# Overview

## Overview

Start

Nov 16, 2020

Close

May 11, 2021

### Description

Our best estimates show there are over 7 billion people on the planet and 300 billion stars in the Milky Way galaxy. By comparison, the adult human body contains 37 *trillion* cells. To determine the function and relationship among these cells is a monumental undertaking. Many areas of human health would be impacted if we better understand cellular activity. A problem with this much data is a great match for the Kaggle community.
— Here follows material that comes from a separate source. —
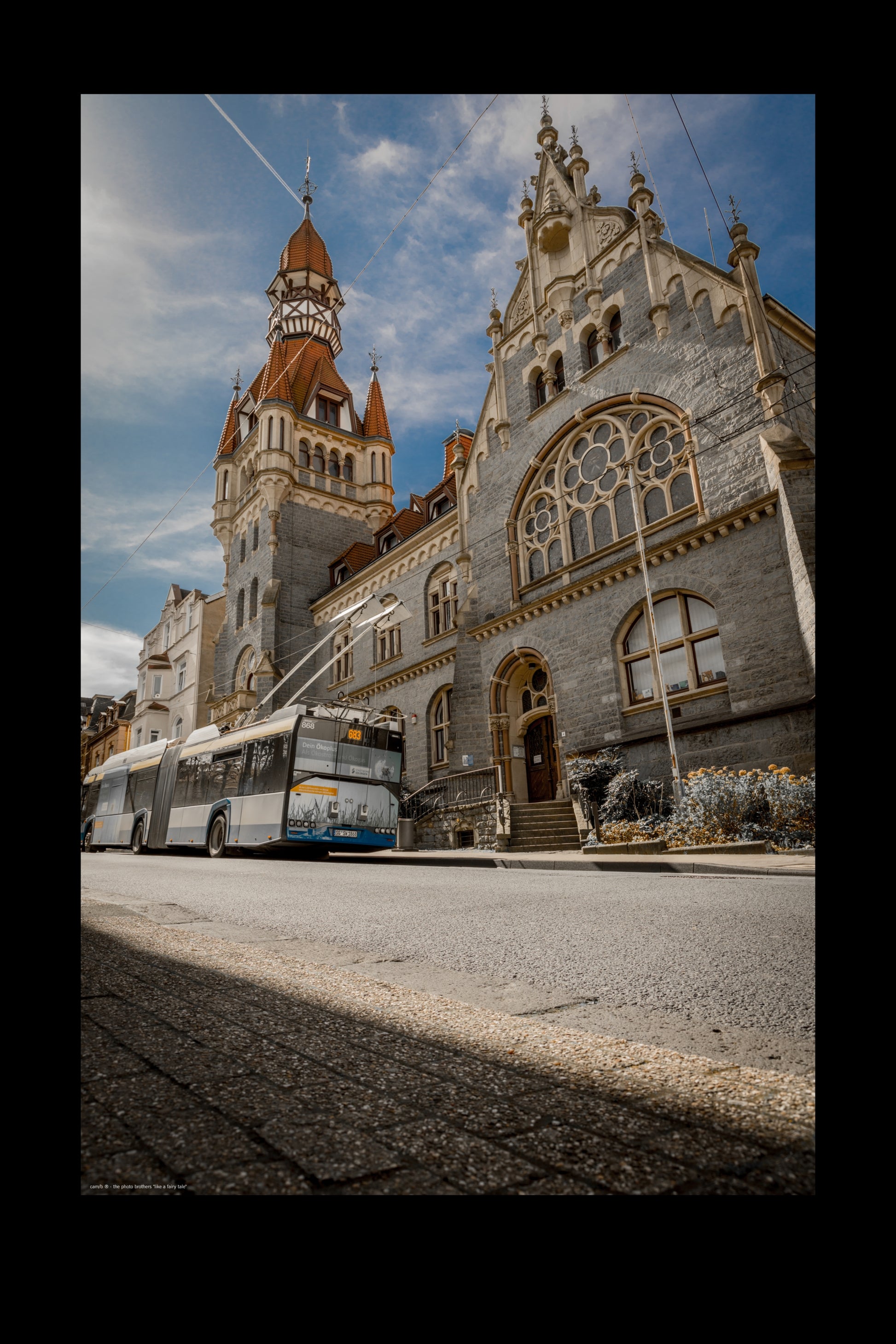 Blick auf das historistische Rathaus Wuppertal Vohwinkel - markant ist der 38,50 m hohen Turm. Erbaut wurde das Rathaus 1897 bis 1898. Im Vordergrund ein Oberleitungsbus der Linie 683 der Stadtwerke Solingen (Fotograf: DE, 2024).

Just as the Human Genome Project mapped the entirety of human DNA, the [Human BioMolecular Atlas Program](https://hubmapconsortium.org/) (HuBMAP) is a major endeavor. Sponsored by the National Institutes of Health (NIH), HuBMAP is working to catalyze the development of a framework for mapping the human body at a level of glomeruli functional tissue units for the first time in history. Hoping to become one of the world's largest collaborative biological projects, HuBMAP aims to be an open map of the human body at the cellular level.
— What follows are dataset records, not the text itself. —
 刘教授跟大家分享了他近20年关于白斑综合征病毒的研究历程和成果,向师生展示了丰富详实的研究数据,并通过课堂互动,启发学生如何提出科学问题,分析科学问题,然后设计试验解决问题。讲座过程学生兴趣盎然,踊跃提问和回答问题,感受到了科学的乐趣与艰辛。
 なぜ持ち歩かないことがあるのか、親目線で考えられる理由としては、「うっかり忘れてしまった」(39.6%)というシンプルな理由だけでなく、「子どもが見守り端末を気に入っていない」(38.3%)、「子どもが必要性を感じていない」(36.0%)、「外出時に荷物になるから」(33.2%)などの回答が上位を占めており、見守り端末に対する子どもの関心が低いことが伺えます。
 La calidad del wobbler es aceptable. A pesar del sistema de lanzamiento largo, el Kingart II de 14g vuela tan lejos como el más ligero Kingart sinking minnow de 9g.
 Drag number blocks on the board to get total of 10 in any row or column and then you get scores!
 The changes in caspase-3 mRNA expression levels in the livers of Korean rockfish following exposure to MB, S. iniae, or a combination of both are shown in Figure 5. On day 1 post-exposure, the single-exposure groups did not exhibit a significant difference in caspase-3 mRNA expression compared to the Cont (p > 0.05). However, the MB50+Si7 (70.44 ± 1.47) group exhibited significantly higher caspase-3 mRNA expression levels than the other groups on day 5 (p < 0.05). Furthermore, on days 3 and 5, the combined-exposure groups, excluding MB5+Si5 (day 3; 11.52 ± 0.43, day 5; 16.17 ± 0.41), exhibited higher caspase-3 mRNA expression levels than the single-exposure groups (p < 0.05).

This competition, "Hacking the Kidney," starts by mapping the human kidney at single cell resolution.

Your challenge is to detect functional tissue units (FTUs) across different tissue preparation pipelines. An FTU is defined as a "three-dimensional block of cells centered around a capillary, such that each cell in this block is within diffusion distance from any other cell in the same block" ([de Bono, 2013](https://www.ncbi.nlm.nih.gov/pubmed/24103658)). The goal of this competition is the implementation of a successful and robust glomeruli FTU detector.
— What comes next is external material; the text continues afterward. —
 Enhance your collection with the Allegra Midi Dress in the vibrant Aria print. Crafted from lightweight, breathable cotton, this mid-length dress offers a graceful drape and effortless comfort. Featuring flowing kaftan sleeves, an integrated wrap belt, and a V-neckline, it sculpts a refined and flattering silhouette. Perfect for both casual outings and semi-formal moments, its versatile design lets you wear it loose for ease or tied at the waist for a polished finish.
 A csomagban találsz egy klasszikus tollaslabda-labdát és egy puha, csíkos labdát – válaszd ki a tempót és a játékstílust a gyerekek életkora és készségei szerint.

You will also have the opportunity to present your findings to a panel of judges for additional consideration. Successful submissions will construct the tools, resources, and cell atlases needed to determine how the relationships between cells can affect the health of an individual.

Advancements in HuBMAP will accelerate the world's understanding of the relationships between cell and tissue organization and function and human health. These datasets and insights can be used by researchers in cell and tissue anatomy, pharmaceutical companies to develop therapies, or even parents to show their children the magnitude of the human body.

> This is a Code Competition. Refer to [Code Requirements](https://www.kaggle.com/c/hubmap-kidney-segmentation/overview/code-requirements) for details.

### Supervised ML Evaluation

This competition is evaluated on the mean [Dice coefficient](https://en.wikipedia.org/wiki/S%C3%B8rensen%E2%80%93Dice_coefficient). The Dice coefficient can be used to compare the pixel-wise agreement between a predicted segmentation and its corresponding ground truth. The formula is given by:

$$
\frac{2 *|X \cap Y|}{|X|+|Y|},
$$

where $X$ is the predicted set of pixels and $Y$ is the ground truth. The Dice coefficient is defined to be 1 when both $X$ and $Y$ are empty. The leaderboard score is the mean of the Dice coefficients for each image in the test set.

#### Submission File

In order to reduce the submission file size, our metric uses run-length encoding on the pixel values.  Instead of submitting an exhaustive list of indices for your segmentation, you will submit pairs of values that contain a start position and a run length. E.g. '1 3' implies starting at pixel 1 and running a total of 3 pixels (1,2,3).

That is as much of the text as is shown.